– Он что творит, мля! – орал Колесник, давая задний ход.
«Тридцатьчетверка» завалилась в яму, двигатель заглох. Чистяков выскочил наружу. Танк порвал гусеницу и накренился набок. Подбежал взводный, обматерил командира «тридцатьчетверки».
– У меня стрелок-радист руку сломал, – вытирая пот с лица, твердил младший лейтенант.
– Лучше б ты башку свернул, – надрывался Колесник, чудом избежавший столкновения. – Нас едва под откос не столкнул.
На машинах оставили по пять-шесть десантников. Они успели вовремя спрыгнуть и не пострадали. Сейчас они растерянно топтались вокруг.
– Занять места на других машинах, – приказал Чистяков. – Радисту оказать помощь, экипажу устранять повреждения.
Уходило время. Они и так потеряли его слишком много. Пять машин приближались к повороту, за которым будут видны немецкие укрепления. Лишь бы не преградила путь какая-нибудь широкая трещина или провал. Если мотоциклисты не проверили путь до конца, то вполне можно ждать чего-то подобного.
Головной танк остановился. Взводный добежал до поворота, затем вернулся и почему-то шепотом доложил Чистякову:
– Можно проехать. Укрепления как на ладони.

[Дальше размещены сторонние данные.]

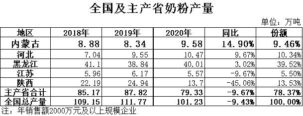 奶粉:根據(jù)國家統(tǒng)計(jì)局?jǐn)?shù)據(jù),2020年全國奶粉產(chǎn)量101.23萬噸,同比下降9.43%,其中黑龍江產(chǎn)量40.01萬噸,同比增長3.02%,占總產(chǎn)量的39.52%,位居全國第一位;內(nèi)蒙古產(chǎn)量9.58萬噸,同比增長14.90%,占總產(chǎn)量的9.46%,位居全國第四位。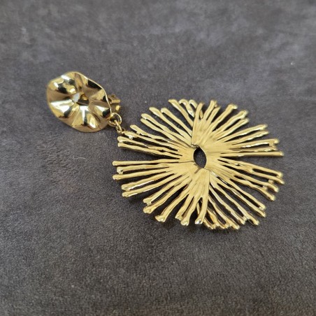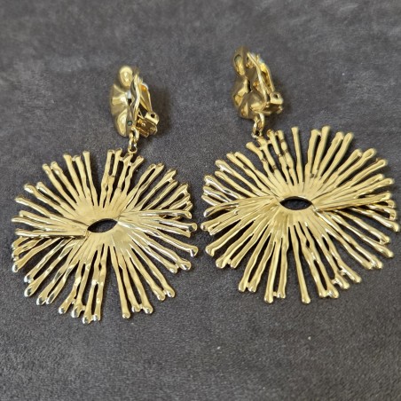Boucles d'oreilles à clips dorées au design artistique en forme de soleil éclatant, sublimé par un effet texturé et ajouré.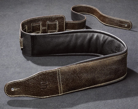 This strap for heavy instruments out of buffalo vintage crackled leather comes with the classic length adjustment.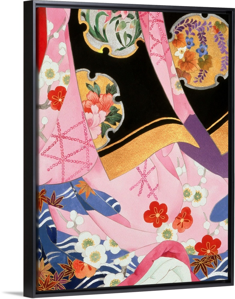 <p>Contemporary colorful and lavish looking Asian artwork. With different colored fabric patterns.</p>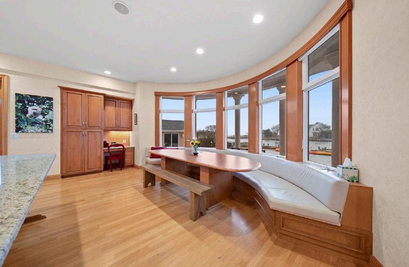 overlooking the outdoor patio, and a designer kitchen by renowned cabinet maker Ciuffo, equipped with Gaggenau appliances and a generously sized butler's pantry. A breakfast nook leads to intimate meals and extends onto the backyard patio with two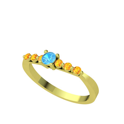 Akuamarin ve sitrin 18 ayar altın yüzük

Старший лейтенант сходил сам, осмотрел в бинокль немецкие позиции. Было решено, что самоходка Михаила Щукова открывает огонь по пушечному доту, а Чистяков уничтожает закопанный в землю Т-4, цель едва заметную, но опасную. «Тридцатьчетверки» ведут огонь по артиллерийским капонирам.

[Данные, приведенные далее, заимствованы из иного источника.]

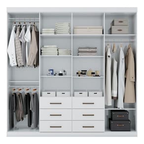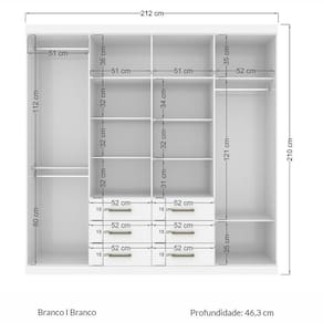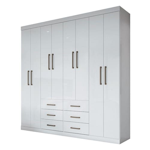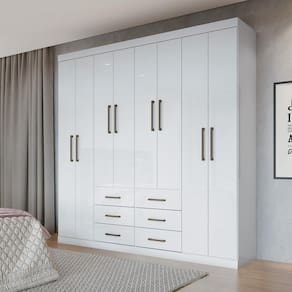Ah, não há nada melhor do que decorar a casa do nosso jeitinho. Não é mesmo? Só que o melhor disso, é se além da decoração ser agradável, a funcionalidade dos itens escolhidos seja igualmente boa. Para isso, a Santos Andirá desenvolveu o Guarda Roupa Liverpool Branco, confira!Ele é um guarda roupa 8 portas, ou seja, excelente para quem ocupa muito espaço. As portas possuem dobradiças metálicas, mas ele também conta com 6 gavetas de amplo espaço interno, 3 cabideiros e várias prateleiras formando nichos com espaço suficiente para ajudar a organizar suas roupas. Ah, e todo fabricado em MDP/MDF com acabamento em verniz fosco para maior durabilidade e resistência!Resumindo: um item imperdível para quem gosta de organização e estilo!!Não perca tempo, adicione agora mesmo esse guarda roupa casal ao seu carrinho de compras!!Dimensões do ProdutoLargura: 212 cm.Altura: 210 cm.Profundidade: 46,3 cm.Peso: 130 Kg.Características do ProdutoMaterial da Estrutura: MDP.Peso Suportado: Gaveta: 3 Kg / Base: 5 Kg / Prateleiras Menores: 3 Kg / Prateleiras Maiores: 5 Kg / Prateleira Dupla: 8 Kg.Acabamento: Verniz UVEscala de Brilho: Brilhante.Quantidade de Portas: 8 Portas.Possui Espelho: Não.Quantidade de Gavetas: 6 Gavetas.Tipo de Corrediças: Metálicas.Tipo de Puxador: ABS.Possui Cabideiro: Sim.Quantidade de Cabideiros: 3 Cabideiros.Possui Prateleiras: Sim.Quantidade de Prateleiras: 9 Prateleiras.Possui Pés: Não.Diferenciais:- Design Moderno.- Puxador na cor metálica.- Amplo maleiro.Sistema de Montagem: Cavilhas / Parafusos / Girofix.Manual de Montagem: Sim.Complexidade da Montagem: Alta.Volumes: 3 Volumes.Garantia do Fabricante: 90 dias contra defeito de fabricação.Montagem: Recomendamos que seja feita por um profissional.Recomendação de Limpeza: Utilize pano levemente úmido.Observações importantes:- Produto para uso residencial em ambiente interno, não devendo ficar exposto diretamente ao sol, calor e umidades excessivas.- Pode haver alguma diferença de tonalidade entre a imagem e o produto real, por conta do tratamento de imagens e a calibração de cores do seu monitor.- As imagens são meramente ilustrativas, não acompanham objetos de decoração e eletrônicos.- Confira o estado da embalagem, não devendo assinar o comprovante em caso de danos.- Não asseguramos, no ato da entrega, por subir escadas/elevadores, pelo transporte por guincho em apartamentos ou montagem, desmontagem e instalações. Eventuais despesas são por conta do comprador.- Confira as dimensões do produto e certifique-se de que passará normalmente por supostos elevadores, portas, escadas e/ou corredores de sua residência.

Машины миновали поворот, узкую полоску сосняка и открыли огонь с коротких остановок. Снаряд, выпущенный самоходкой Чистякова, взорвался перед торчавшей из земли башни танка Т-4 с длинноствольным орудием. Машину встряхнуло взрывной волной, ствол орудия согнуло.
Серая бетонная коробка пушечного дота сливалась с такой же серой скалой. Дот немецкие специалисты построили, не жалея первосортного цемента. Фугасный снаряд весом сорок три килограмма рванул с такой силой, что посыпались вниз отколотые куски скалы.
Двадцатилетний лейтенант Миша Щуков, пришедший из гаубичного полка, где воевал около года, имел неплохой опыт и стрелял довольно точно.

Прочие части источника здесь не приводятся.